La progression est également spectaculaire du côté des chèques. Entre janvier et août 2026, le nombre de chèques émis a augmenté de 142% en glissement annuel, pour une hausse de 105% en valeur. Les chèques en dollars frais ont, pour leur part, enregistré une progression de 124% en nombre et de 108% en valeur. La valeur de ces chèques, qui s’élevait à quelque 500 millions de dollars entre janvier et août 2025, a dépassé un milliard de dollars sur la même période en 2026.

Mais le chiffre le plus marquant concerne les transferts entre banques: leur nombre a augmenté de 60%, tandis que leur valeur en dollars a bondi de 117%.

« Désormais, avec la stabilité du taux de change, aucun agent du secteur privé n’a le droit de refuser un paiement électronique ou d’imposer des frais supplémentaires au consommateur », a martelé Bou Nassar.

Un enjeu fiscal et de traçabilité
Le directeur général du ministère des Finances, Georges Maarawi, a indiqué que 38 terminaux de paiement (POS) avaient déjà été installés dans les différents départements du ministère à travers les mohafazats du pays, sur un total prévu de 52. L’installation de certains terminaux, notamment à Baalbek et à Hermel, a été retardée en raison des conditions de sécurité. Des POS ont également été installés au palais de Justice afin de faciliter les démarches des avocats, a-t-il précisé.

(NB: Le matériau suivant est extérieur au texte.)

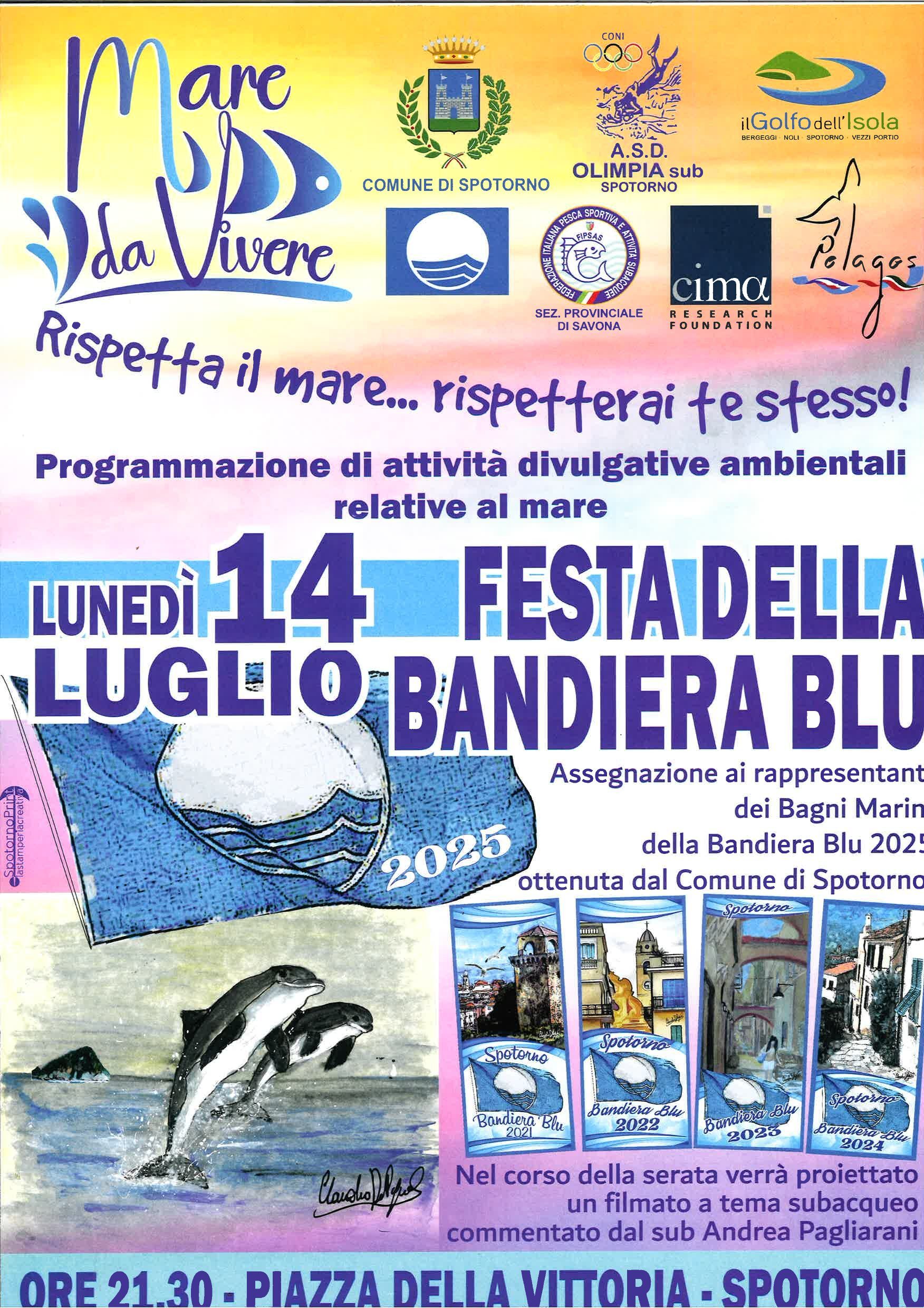Lunedì 14 luglio ore 21.30 in Piazza della Vittoria, assegnazione ai rappresentanti dei Bagni Marini della Bandiera Blu 2025 ottenuta dal Comune di Spotorno. Nel corso della serata verrà proiettato un filmato a tema subacqueo commentato dal sub Andrea Pagliarani. Ingresso libero.
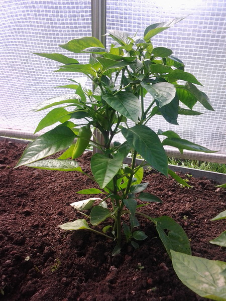 При перенесении в теплицу перец высаживают так, чтобы оставалась возможность увеличить объем куста на 2-3 ветки.
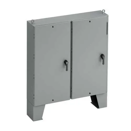 Ground mounting with built-in legs and ground studs provides a secure, code-compliant installation, reducing movement during wiring and testing while cutting commissioning time and labor costs. The 72-inch height, 77.75-inch width, and 18-inch depth create a spacious interior that eases component placement and future expansion, improving overall system reliability. The carbon steel shell with 12-gauge walls and ANSI 61 gray painted finish delivers rugged durability in harsh environments, aiding long-term corrosion resistance and simplifying maintenance planning. UL 508A and CSA C22.2 certifications, alongside NEMA ratings of 12 and 4, ensure compliance and safe operation in indoor and outdoor spaces, supporting facility standards and risk management objectives. Features such as a hinged cover, 3-point latching handle, and ground provisions enable secure access, faster service, and enhanced operator safety. With 12 bottom knockouts and ground mount legs, conduit routing remains flexible, while the defeater padlock provision allows secure, controlled access in line with security policies. The gasket is oil-resistant to maintain enclosure integrity in environments with lubricants or industrial fluids, reducing the risk of moisture ingress and preserve electrical protection over time. Overall, the FD727718-4FS balances industry-leading protection with practical installation advantages, helping facilities meet uptime targets, regulatory expectations, and cost-of-ownership objectives.

Au-delà de la modernisation des paiements, l’enjeu est aussi de réduire la circulation des espèces et de mieux contrôler les flux financiers. Le paiement par carte allège la gestion des liquidités pour les banques, réduit les risques d’erreurs de comptage et de fraude liés à la manipulation d’espèces et permet de renforcer la traçabilité des transactions, au bénéfice des différentes institutions de l’État, selon Maarawi.

Cette traçabilité revêt également une dimension fiscale. Plus les transactions s’effectuent en dehors des circuits formels, plus il est difficile pour l’État de mesurer l’activité économique, d’en déterminer l’assiette fiscale et d’assurer le recouvrement des impôts. Le développement des paiements électroniques devient ainsi un outil de lutte contre l’opacité des flux et de renforcement de la collecte fiscale.

Réactivité du secteur privé
Le directeur général du ministère de l’Économie, Mohamad Haidar, a souligné la réactivité du secteur privé et des consommateurs face au développement du paiement par carte. Les chiffres témoignent de cette évolution: sur les quelque 3 800 stations-service que compte le Liban, 1 100 sont désormais équipées de terminaux de paiement (POS). Dans le secteur pharmaceutique, 1 200 pharmacies sur 3 600 disposent également d’un POS. Quant aux 180 supermarchés, ils en sont tous équipés.

Cette progression de l’équipement s’accompagne d’une hausse sensible du recours à la carte. Dans les stations-service, la part des achats réglés par carte est passée de 8 % à 12 %, et de 16% à 23% dans les pharmacies. Dans les restaurants, la progression est encore plus marquée, de 15% à 35%. Le chiffre le plus spectaculaire concerne toutefois les achats en ligne, dont la part atteint 51%.

Dans les supermarchés, la progression varie selon la taille de l’enseigne: la part des achats réglés par carte est passée de 17% à 36% dans les grandes surfaces, et de 7,5% à 20% dans les moyennes surfaces. Elle reste en revanche inférieure à 20% dans les petites enseignes.

La dynamique est donc engagée: au Liban, la carte ne se contente plus de remplacer progressivement les espèces. Elle devient un maillon du retour des transactions vers les circuits financiers formels et, à ce titre, l’un des rouages de la reconstruction du système financier.